Patients with thalassaemia and chronic haemolytic anaemia generally have EMH, which involves the liver and the spleen. However, after splenectomy, pulmonary EMH can commence and may evolve over a period explaining the gradual development of PHT in these situations.7 In sickle cell disease, autosplenectomy is known to occur commonly, which can also lead to EMH in the lungs and PHT. Nitric oxide depletion has been suggested to be causative in the development of PHT in these haemolytic conditions. Interestingly, this molecule has an inhibitory function on the megakaryocytes leading to their apoptosis.17 The current management of PHT includes vasodilators including phosphodiesterase-type 5 inhibitors (which increase nitric oxide levels, e.g. sildenafil), and prostacyclin analogues with a combination of these agents demonstrating better results.18 In this context, it is useful to note that even though in platelets, the actions of nitric oxide and prostacyclin are thought to be synergistic, they regulate opposite megakaryocyte survival responses through a delicate balance between intracellular cyclic nucleotide levels and caspase-3 activity control.19 These agents will also inhibit platelet aggregation and thus thrombus formation, another risk factor for PHT. In recent years, imatinib, a tyrosine kinase inhibitor, used in the treatment of chronic myeloid leukaemia, has been found to be effective in the treatment of PHT.20 The rationale for using this drug is its ability to inhibit platelet-derived growth factor (PDGF), a critical player in the development of PHT.21 PDGF is also a fibrogenic mediator released by megakaryocytes, among other cells. In this context, it is also interesting to note that imatinib was shown in a single report to reverse myelofibrosis in a patient with megakaryoblastic crisis of chronic myeloid leukaemia.22 However, it is premature to consider the use of this agent in the treatment of PHT post-splenectomy and further studies are required.

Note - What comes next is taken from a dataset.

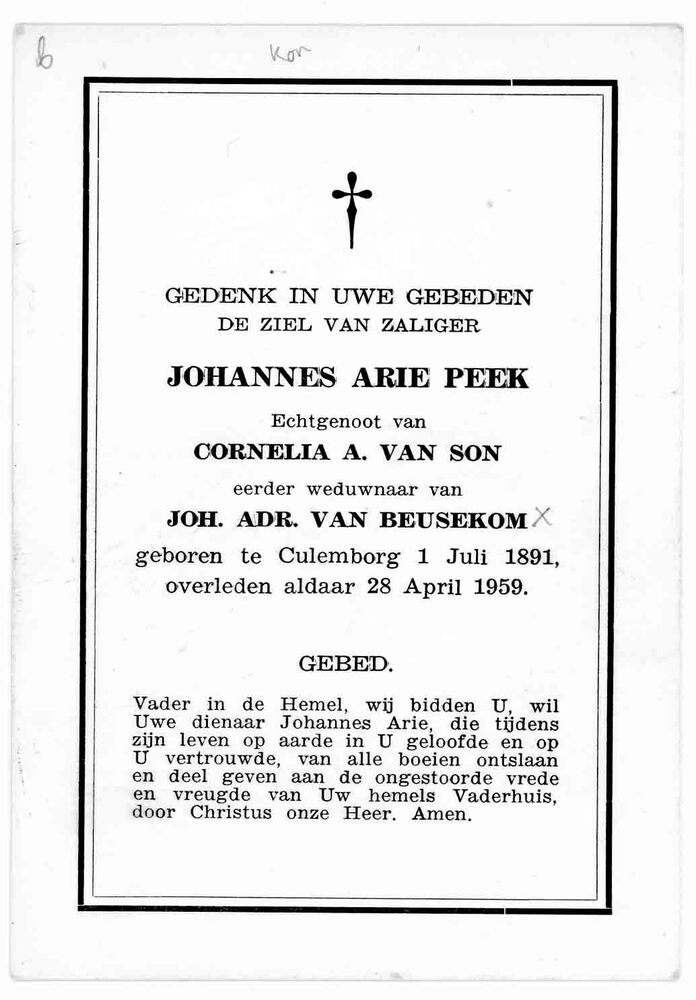 bidprent voor Johannes Arie Peek. Geboren 01-07-1891...

There is increasing recent evidence that thrombus formation and thus thrombin, is important in the development of fibrosis in the liver.23 Functional thrombin receptors are expressed on cells of the megakaryocytic lineage with thrombin having important functions in the megakaryocytic release reaction and pro-platelet formation.24 The pulmonary thrombi which form as a precursor for pulmonary fibrosis in chronic pulmonary thromboembolic disease-related PHT can cause the release of fibrogenic mediators from the lung megakaryocytes and lead on to fibrosis. The unresolved issue of portal vein thrombosis and portal hypertension after splenectomy may also be related to the EMH and liver megakaryocytes in a similar manner.25,26

In summary, the role of megakaryocytes in the pathogenesis of PHT after splenectomy for haemolytic disorders should be considered and studied to improve our understanding and identifying new therapeutic agents to prevent this complication.